## TO DO
What should be copied is the stretch of entries below from the line with "功绩预报中未说起同店销售额,不外联结20" up to and including the line with "Add a touch", exactly and without images.

## DATA FOR THIS EXERCISE
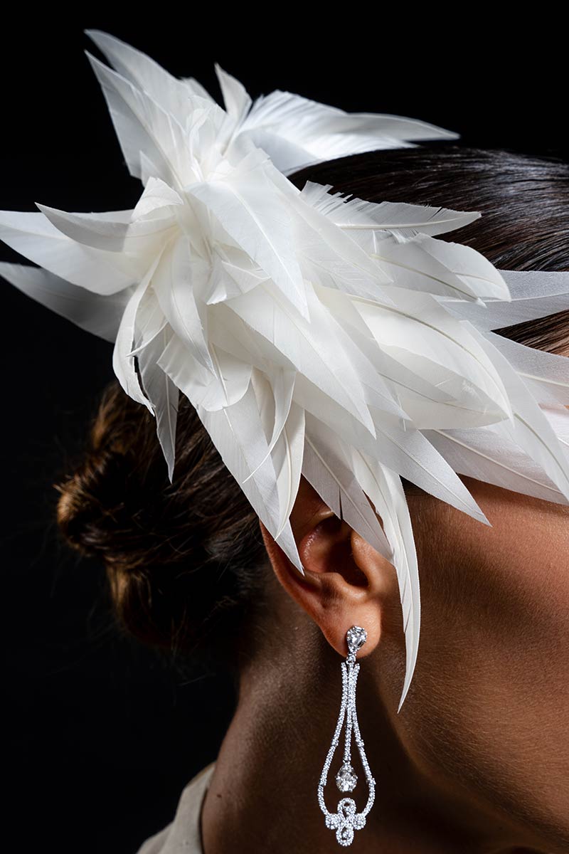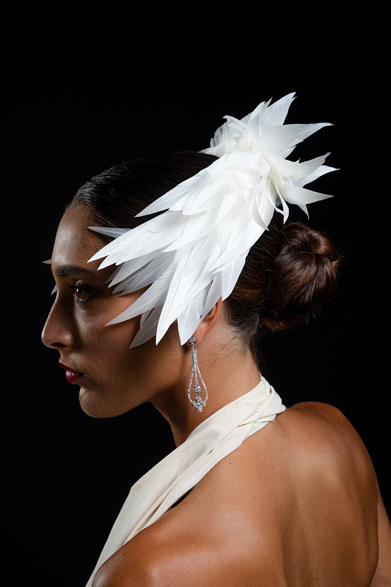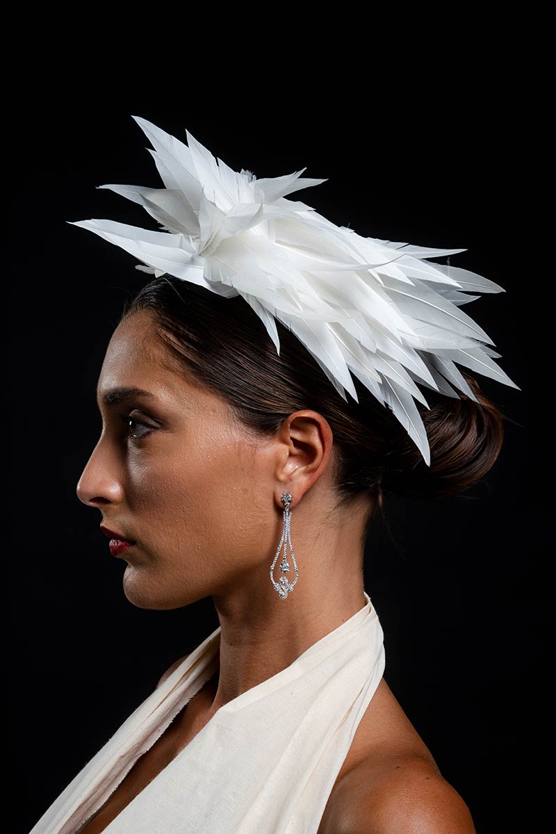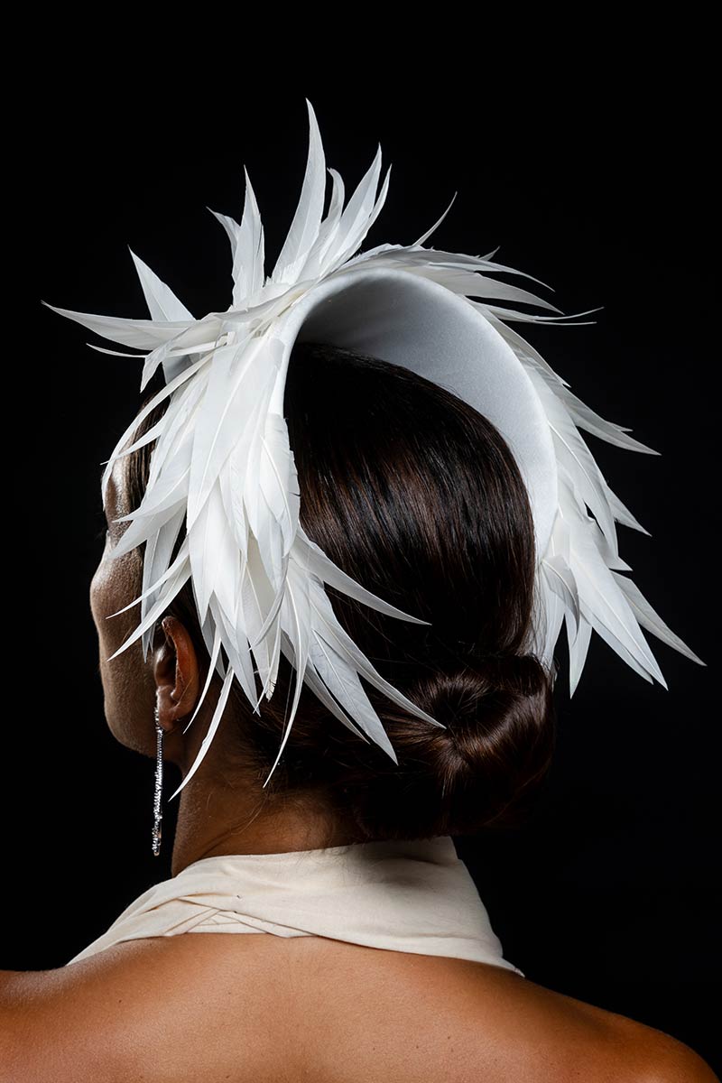 Descripción: banda de plumas blancas versátil para utilizar tanto en la parte trasera como delantera de la cabeza. Talla única.
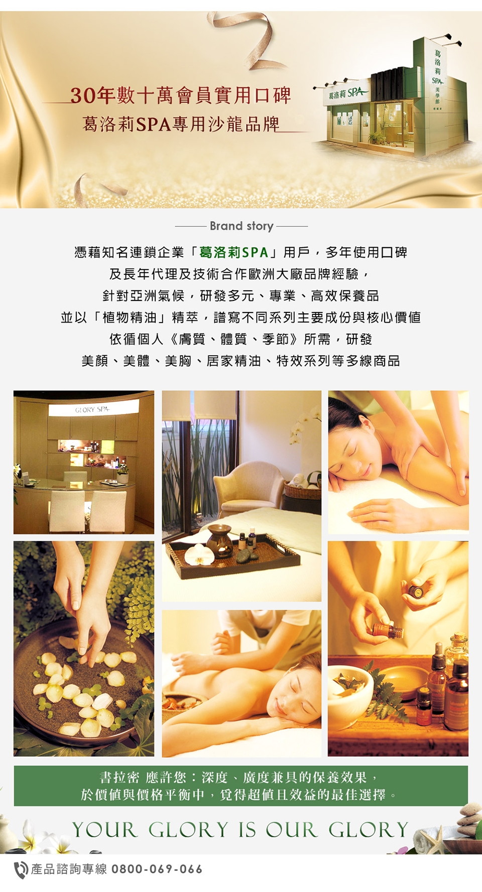 Since1993,葛洛莉SPA美學館目前於全省擁有17家實體門市,我們以恬靜、優雅、智慧風貌,從容立身於都會之中,營運30年來,研發各式獨家手技,搭配天然植物精油精萃產品,用心服務每位渴求被寵愛呵護的女性身心靈。
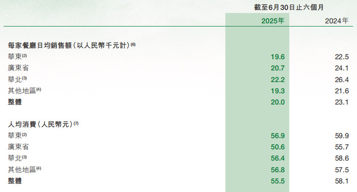 功绩预报中未说起同店销售额,不外联结2025年上半年数据不错发现,绿茶集团的同店日均销售额从2024年同期的2.31万元降至2万元。其中,华北、广东等中枢市集的降幅尤为明白。
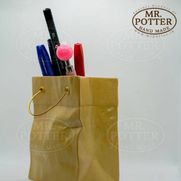 Add a touch of creativity and luxury to your workspace with the Bag-Shaped Pencil Holder by Mr. Potter. Handcrafted from natural clay and finished in a rich golden hue, this unique piece blends functionality and artistry — perfect for those seeking handmade desk organizers, gift-inspired décor, and symbolic keepsakes that represent giving, gratitude, and abundance.
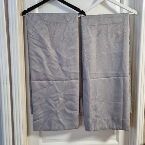 Harmaat verhot, joissa on himmeästi hohtava pinta ja eläväinen, oksamainen kuosikuvio. Sopivat käytettäväksi esimerkiksi olohuoneessa tai makuuhuoneessa tavallisina sivuverhoina. Kuvissa 4 kpl samanlaisia verhoja. Olen itse ommellut ompelukoneella ylä- ja alasaumat. Huom. Samasta kankaasta ompelemani lyhyet (pituus 160 cm) verhot 2 kpl ovat minulla myytävänä erikseen. Verhot on silittämättä, joka näkyy kuvissa.
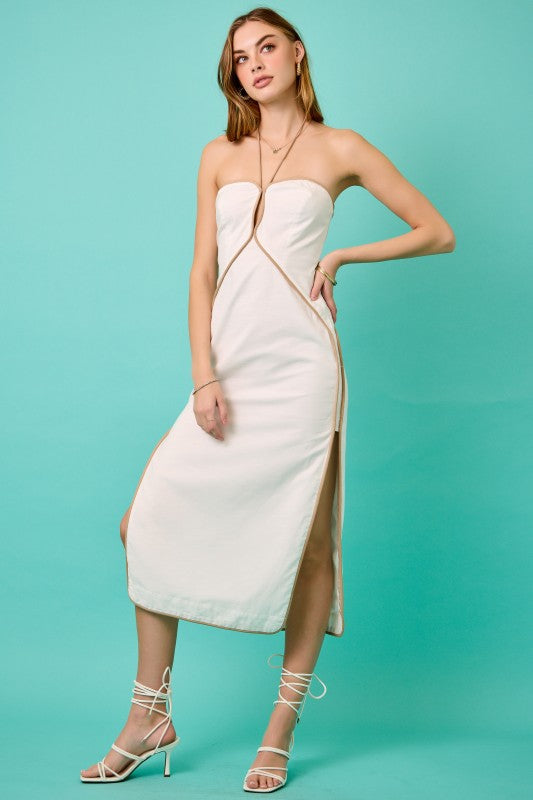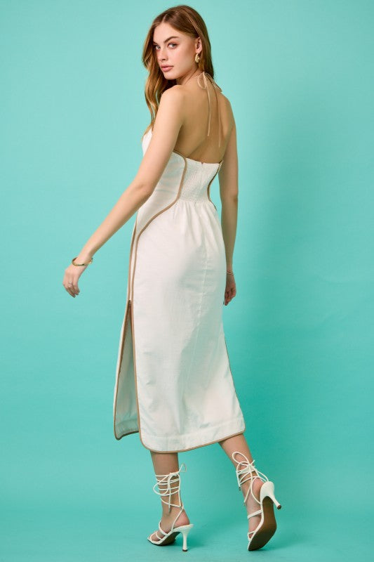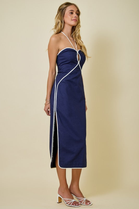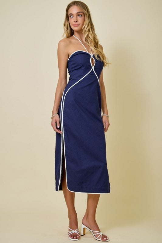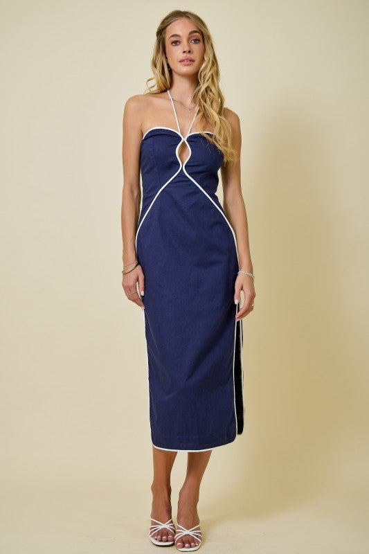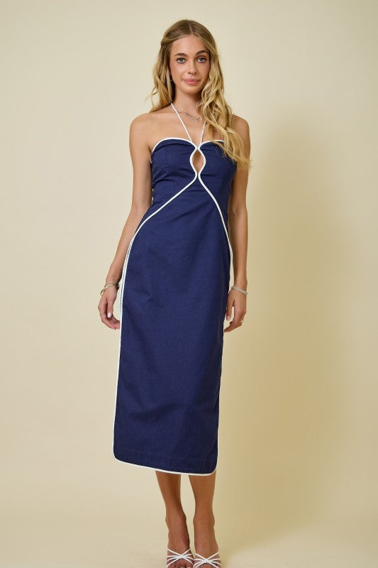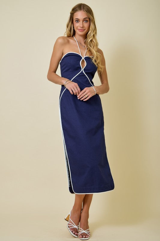 The Piper Midi Dress combines timeless elegance with modern edge. This stunning halter neck design features a flattering cutout detail that adds intrigue while maintaining sophistication. Contrast piping traces the silhouette, creating sharp definition and visual interest. Perfect for date nights, cocktail events, or elevated casual outings, this midi-length dress offers the ideal balance of allure and refinement. The halter neckline provides secure support and flatters most body types, while the midi length ensures versatile styling for any season. Make a memorable impression in this show-stopping piece that transitions effortlessly from day to evening.
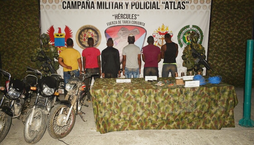 A través de un comunicado, la Fuerza de Tarea Conjunta Hércules del Ejército Nacional colombiano en coordinación con la Policía Nacional del país vecino, lograron seis capturas en el corregimiento de Candelillas en el municipio de Tumaco.
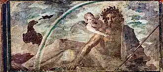 Painting of a bearded, seated Jupiter, unclothed from the waist up and holding a staff

## FINISHED TASK
 功绩预报中未说起同店销售额,不外联结2025年上半年数据不错发现,绿茶集团的同店日均销售额从2024年同期的2.31万元降至2万元。其中,华北、广东等中枢市集的降幅尤为明白。
 Add a touch of creativity and luxury to your workspace with the Bag-Shaped Pencil Holder by Mr. Potter. Handcrafted from natural clay and finished in a rich golden hue, this unique piece blends functionality and artistry — perfect for those seeking handmade desk organizers, gift-inspired décor, and symbolic keepsakes that represent giving, gratitude, and abundance.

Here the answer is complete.